Antes de que pudiera abrir la boca, dos sedanes pequeños rugieron y los encerraron. Más hombres, al menos seis, salieron de los autos, todos vestidos de manera similar, todos de la misma altura y edad.
Johnny levantó las manos. Todo había terminado. Lo siento, Dante.
Se llevaron a Juanita por el cuello y la empujaron dentro de un auto, y a él lo agarraron y lo tiraron dentro de otro. La cabeza de Johnny golpeó el asiento de atrás cuando el conductor aceleró y en algún momento después de salir del estacionamiento, tal vez uno o dos minutos más tarde, se puso tan nervioso que simplemente se desmayó.

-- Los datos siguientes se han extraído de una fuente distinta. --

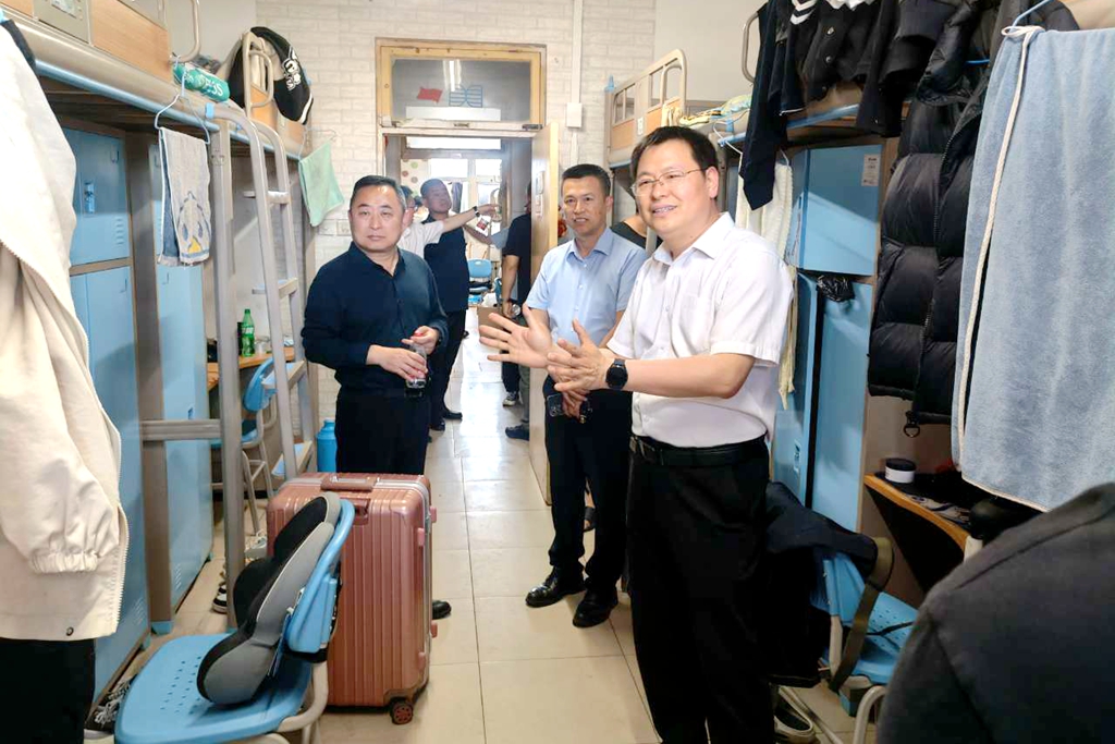 任立春实地查看了学生宿舍的设施设备、卫生环境和宿舍安全情况,并就学生的住宿生活需求、学业进展、职业发展和在校感受与学生们亲切交谈,鼓励大家以饱满的精神和积极的心态对待学习和生活。对于发现的问题,任立春现场提出具体的改进意见,并要求相关部门及时解决。

Johnny se despertó un poco más tarde, sus brazos y piernas estaban atados a una especie de poste que luego se dio cuenta era parte de un elevador de autos. Estaba dentro de una tienda de reparación de automóviles, rodeado de varios vehículos en distintas fases de montaje y reparación. Una luz tenue se filtraba a través de un conjunto de ventanas a su derecha, con dos grandes puertas de acero justo delante.
Los dos hombres del restaurante estaban delante de él y el que era un poco más delgado sostenía firmemente una cámara de video de alta definición. Johnny suspiró. Solo lo habían secuestrado y lo tenían ahí para pedir un rescate. Haría el video. Corrales tendría que pagar. Todo iba a estar bien.
—Ok, ok, ok —dijo a través de otro suspiro.—Diré lo que quieran. ¿Dónde está Juanita? ¿Dónde está mi novia?
El tipo con la cámara apartó la mirada de la pequeña pantalla que había estado estudiando y gritó a través del cuarto.
—¿Terminaste?
—¡Si! —respondió una voz.
Y luego Johnny los vio: dos hombres más vestidos con trajes de protección negros, del tipo que se usan para pintar' autos, aunque no llevaban protección en la cara. Los trajes tenían manchas oscuras en los brazos y las caderas. Un hombre llevaba una herramienta eléctrica de color amarillo que tenía una estrecha cuchilla en la parte delantera, una sierra recíproca. Johnny había estado en muchas escenas de accidentes como reportero de un periódico local un par años atrás y estaba familiarizado con la herramienta utilizada por los rescatistas para sacar a personas atrapadas en sus autos.
El hombre con la sierra echó a andar el motor de la herramienta y en tanto se acercaba, Johnny se dio cuenta de que la sierra estaba manchada con... sangre.
—Mira, no hay necesidad de amenazas. Haré lo que me digan.
Con un bufido, el tipo de la sierra puso los ojos en blanco y avanzó.
—¡Espera! —exclamó Johnny—. ¿Qué quieren de mí? ¡Por favor!
—Señor —dijo el hombre con la cámara—. Solo queremos que se muera.